Johanna Wienholts and Jeremy Dijkema will be running the Toronto Waterfront Marathon this morning. In the week before the big race, they took time to tell us about how training for this event got them thinking about the Christian life in a new way:
“Therefore, since we have so great a cloud of witnesses surrounding us, let us lay aside every encumbrance and sin which so easily entangles us, and let us run with endurance the race that is set before us, fixing our eyes on Jesus, the author and perfecter if faith, who for the joy set before Him endured the cross, despising the shame, and has sat down at the right hand of the throne of God.” Hebrews 12:1-2
These verses from Hebrews have had quite the impact on us during the last few months of training for our half marathon. While training, we have slowly come to a deeper understanding of the race (literally and metaphorically) that is life. The spiritual lessons that have surfaced from this experience are numerous and we can confidently say that our Lord has been with us every step of the way, teaching us through our trials and achievements. The first and most important lesson is about fixing our eyes upon Jesus, who truly is the perfecter of our faith. We have been forced to rely on the Spirit simply to have the faith to begin. The first few steps of a run are always scary. Though we hope to get through it together, there are an unlimited number of things in our bodies that could go wrong, an unlimited number of reasons why we might not be able to do it. But God consistently has given us the strength and faith we need to start running, and no matter what happens we know He will always be right there with us.
We learned that discipline, which when exercised (pun fully intended), yields results that help in both physical training and spiritual training as well. We have had numerous conversations while running about how this self control has spilled over into the other parts of our lives. Whether it be academic, social, or spiritual, we have seen a multitude of blessings that stem from this God given discipline. Of course it wasn’t easy to get to the point of waking up at 6am to go for a 17 km run in the rain. This was a progression that we saw as we trained and led us to another important lesson: we can’t expect immediate results all the time. It would have been silly to think that during the first week of training we would be able to run 21 km right away. We had to train for months and be patient so that we could finish the race that was set before us. Every week was a new milestone for us as we slowly climbed our way up in the distances we were running. This is very true for the metaphorical race as well, because growth and change don’t happen immediately. It takes time and it takes help from the surrounding community of believers for God to bring about his good works.
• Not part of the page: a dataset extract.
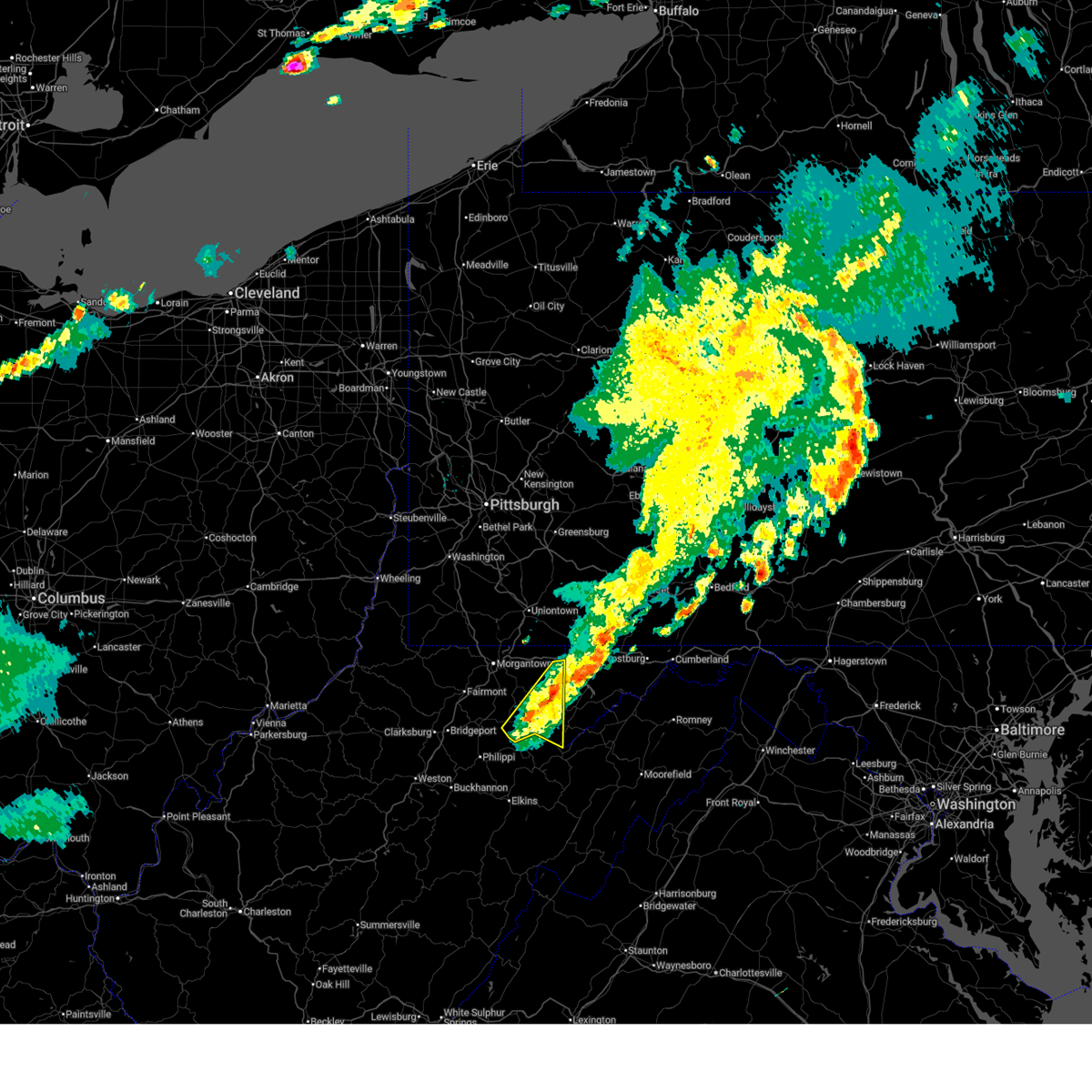 At 720 pm edt, a severe thunderstorm capable of producing a tornado was located over monongah, or near fairmont, moving east at 60 mph (radar indicated rotation). Hazards include tornado. Flying debris will be dangerous to those caught without shelter. mobile homes will be damaged or destroyed. damage to roofs, windows, and vehicles will occur. tree damage is likely. this dangerous storm will be near, fairmont around 725 pm edt. winfield around 730 pm edt. brookhaven around 740 pm edt. kingwood around 750 pm edt. other locations impacted by this tornadic thunderstorm include rivesville, valley point, booth, everettville, laurel run, brandonville, grant town, albright, baxter and reedsville. this includes the following highways, interstate 68 in west virginia between mile markers 1 and 6, and between mile markers 16 and 25. interstate 79 in west virginia between mile markers 130 and 151. Please report severe weather by calling 412-262-1988, posting to the nws pittsburgh facebook page, or using twitter @nwspittsburgh.

We also learned more of the importance of community during training. There were days in the past months where we will admit that the only reason we ran is because we told each other we would. Not only was the accountability crucial, but it was also comforting to know that we were signing up to take care of each other in this endeavor. If one of us were to get sick along the way, we knew that the other would be there. This can be said of the wider community as well. There are, and will be days, where members of Christ’s Body will be discouraged and struggling through life, but it is our job as a family to encourage and help others through difficult times, and it is only through the Love of Christ that we are able to do this.
It isn’t just a one person race. We are all in this together, trying to reach the main goal of Jesus. Analogous to the Christian life as a whole, our running has been with the intention of reaching the finish line. As we run, there are times of soreness, shin splints, runner’s knee, and upset stomachs that are similar to trials and temptations in our lives. We also know, however, that by focusing on the finish line, we can run through these minor setbacks with the strength and knowledge that when we reach our goal, we can rest and be healed. Like reaching a finish line, when we come to Christ, we are able to drink the water that leads to life, bodily and spiritually. Through it all we have celebrated, sung, danced, laughed, sweated, and prayed. There is a gratitude in being invited to run the race God has set before us that is unlike any other feeling. We don’t run alone, we run together, we run with the Spirit, and most importantly, we run in pursuit of God.